How does anyone survive to adulthood?

According to the World Health Organisation, someone born in South Africa in the early sixties, (e.g. me), could expect to live forty seven years.  

Unaware of this somewhat disturbing statistic, but with seeming instinctive brilliance, I moved to New Zealand at the age of forty six, where life expectancy is about ninety five.  Scandinavians are apparently tracking very near the one hundred mark, but the extra years didn’t seem worth the extreme climate and learning a language with little circles above the A’s and all the O’s crossed out.  My hope is that I have a reasonable chance of beating the system with just the bad hair I already have and a fake Kiwi accent that I am working on by watching a lot of day-time TV.  

It’s not that I am paranoid, just that I was present during all of life’s attempts to end mine prematurely and I do wonder how I made it this far.  In fact I am continually surprised to see fully mature specimens of the male persuasion thronging the planet.  I am sure any one of them selected at random would be able to reel off a dozen or so accounts of running/falling/climbing/jumping into/off/ through a glass door/river/gorge/tree-house.  Not to mention external forces like fire, water, ice, their brother’s chemistry set, their father’s drinks cabinet or their mother’s car.

Naturally, every boy’s memory of events past tends to be somewhat unreliable, with stories of near-death experiences taking on seemingly fantastic proportions in the re-telling.  One theory is that this is in preparation for being able to recount interesting boyhood stories to one’s grandchildren, but in my own experience I think the accounts of what actually happened are modified immediately to avoid having your life terminated by your parents when they find out what you did.


This also explains why everyone knows it is dangerous to run with scissors, and yet no-one has ever been injured doing so or has ever heard of anyone who has.  It’s because you know that if you stabbed yourself while running with scissors your mom will kill you, so instead you invent a story where a boy you have never seen before (and will never see again) attempted to sever your femoral artery with a blackboard compass during double geometry.

File:Johannesburg-c1910.jpg

In speaking to my father, I have learned that my close brushes with extinction began long before 1962.  Himself a veteran of beating the system, he recalls that as a boy he would play a game involving cutting loops of rubber from a motorcar inner tube and shooting them into the overhead power-lines where they would become stuck, to be shot down by other boys with their loops of rubber - the idea presumably being to see who could dislodge the most loops.  I am surprised that Sony has not formulated a version of this game for their Playstation as the concept sounds riveting.  

You can imagine the scene - a dusty street somewhere in the suburbs of Johannesburg, everything in black and white with the corners of the buildings yellowing and cracked (the way they always are in photos of that time), and all the cars with no inner tubes of course. 

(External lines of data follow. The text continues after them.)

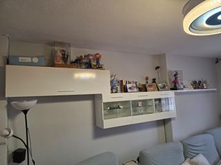Por mudanza, se vende este conjunto de muebles de salon. El mueble de TV, serie BRIMNES de IKEA, por 50€, menos de la mitad de su precio y está como NUEVO, no tiene marcas de nada, impoluto. Los otros que se ven colgados y la estanteria, por 100€ todo (costaron mas de 200€). Si te llevas todo, 130€. No puedo enviar nada, hay que venir a llevarselo a la vivienda. Importante: no puedo entregarlo hasta pasados unos dias cuando termine la mudanza.
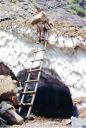 | 7月18日(金) 快晴 ●黒四ダム→十字峡 ○黒四ダム8:50→(4.1k)内蔵ノ助谷出合9:45・10:05→初めの雪渓11:15・11:25→ →4つ目の雪渓12:30(昼食)・13:30→ 白竜峡14:50・15:00→十字峡15:40 テント泊 ○予定の阿曽原まで行けず、十字峡泊りとなる。 下の廊下は途中雪渓が5か所ほどあり苦労する。 特に初めの雪渓は途中穴があいて 渡ることが出来ず下を回った。 白竜峡の雪渓は建設会社の人がトンネルを掘っているので通過できず、縄梯子を登ることになる。 荷が一人平均だいたい35〜6sであったが、まずまずの重さだ。 |
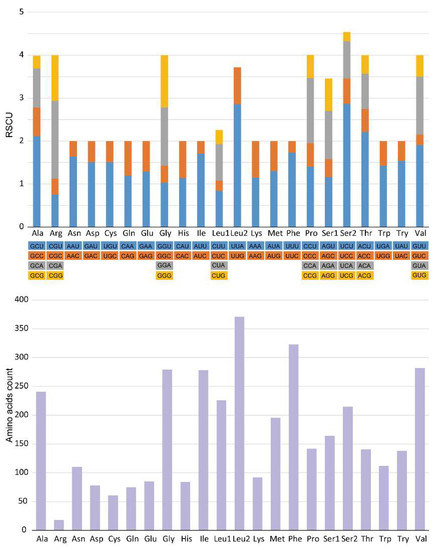 Relative synonymous codon usage (RSCU) and amino acids count of E. rumphii mitochondrial genome.

My father and the rest of the flannel shorts brigade have managed to get all their loops stuck in the power lines.  Someone suggests throwing their shoes up to dislodge a batch so the game can continue but my father points out that none of them have had any shoes since the war.  By this stage a small crowd has gathered and a minor scuffle breaks out when someone volunteers his sister’s doll in a bid to get the game going again.

I guess it is just in the nature of boys not to give up and being the carrier of the stupidly heroic gene in our family, my father offers to climb the pole and manually release the loops.  I guess there is something to be said for a country where wood is plentiful but that country is not South Africa.  The math goes something like this: bare feet plus metal pole plus 380 volts of three-phase power at an elevation of one mile up in the sky equals a whole new way to entertain the street.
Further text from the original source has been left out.